● REQUIRED WORK
An exact reproduction of the listing is wanted, with the pictures dropped.

● DATA EXCERPT

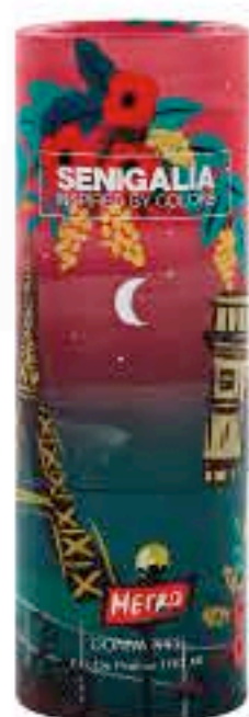
DONNA X95 L'INTERDIT

Floral + Amaderado Bergamota, Pera, Nardos, Jazmin, Vainilla, Pachuli.
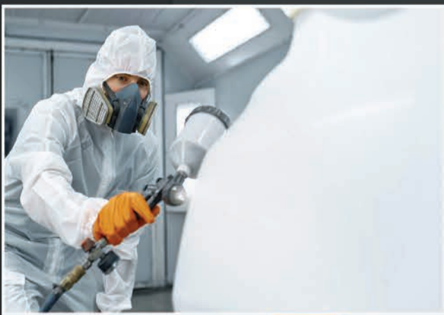
Full Body Paint &amp; Modification
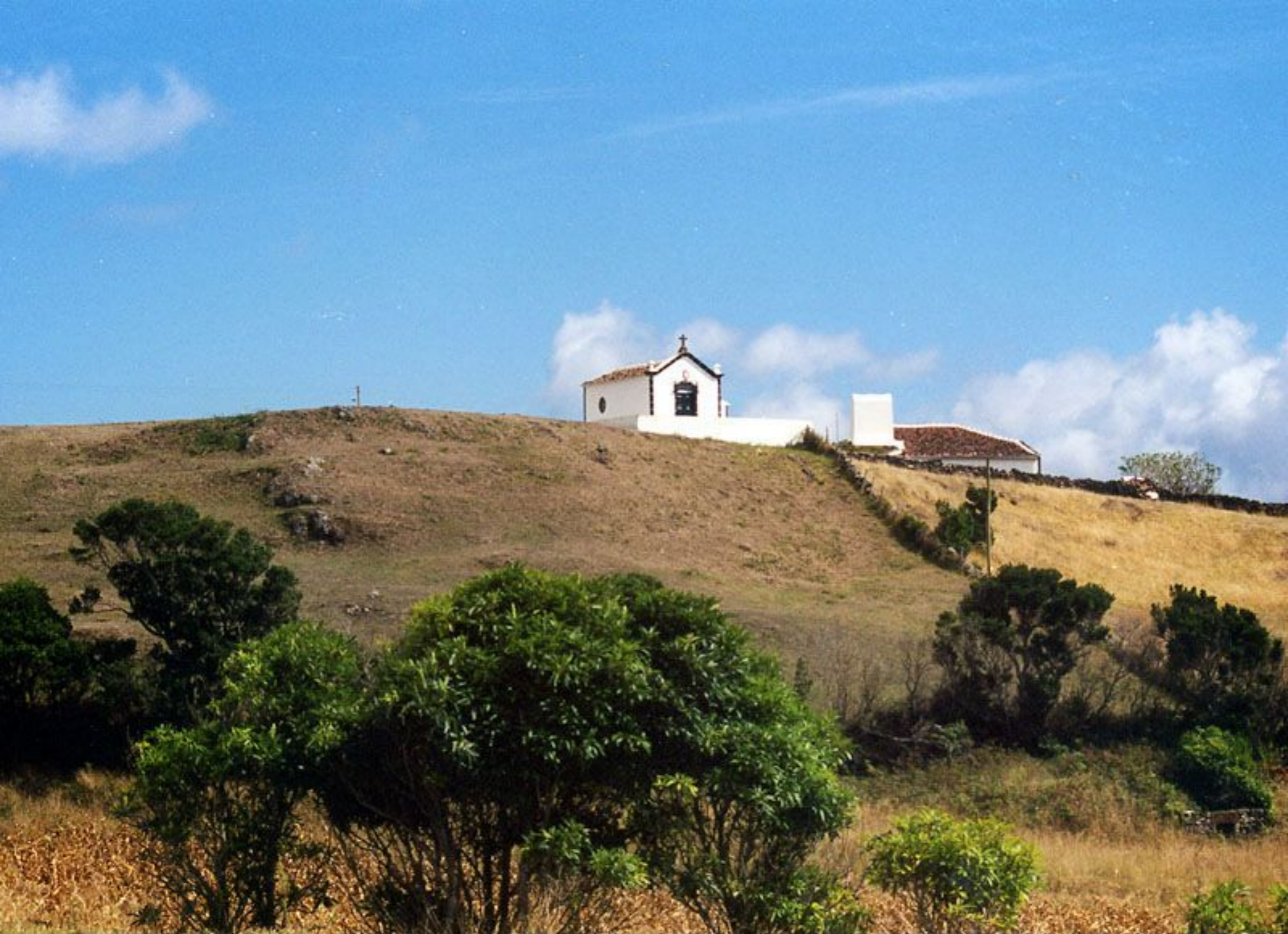
Ermida de Nossa Senhora da Boa Morte - Lugar de Panasco

● EXERCISE RESPONSE
DONNA X95 L'INTERDIT

Floral + Amaderado Bergamota, Pera, Nardos, Jazmin, Vainilla, Pachuli.
Full Body Paint &amp; Modification
Ermida de Nossa Senhora da Boa Morte - Lugar de Panasco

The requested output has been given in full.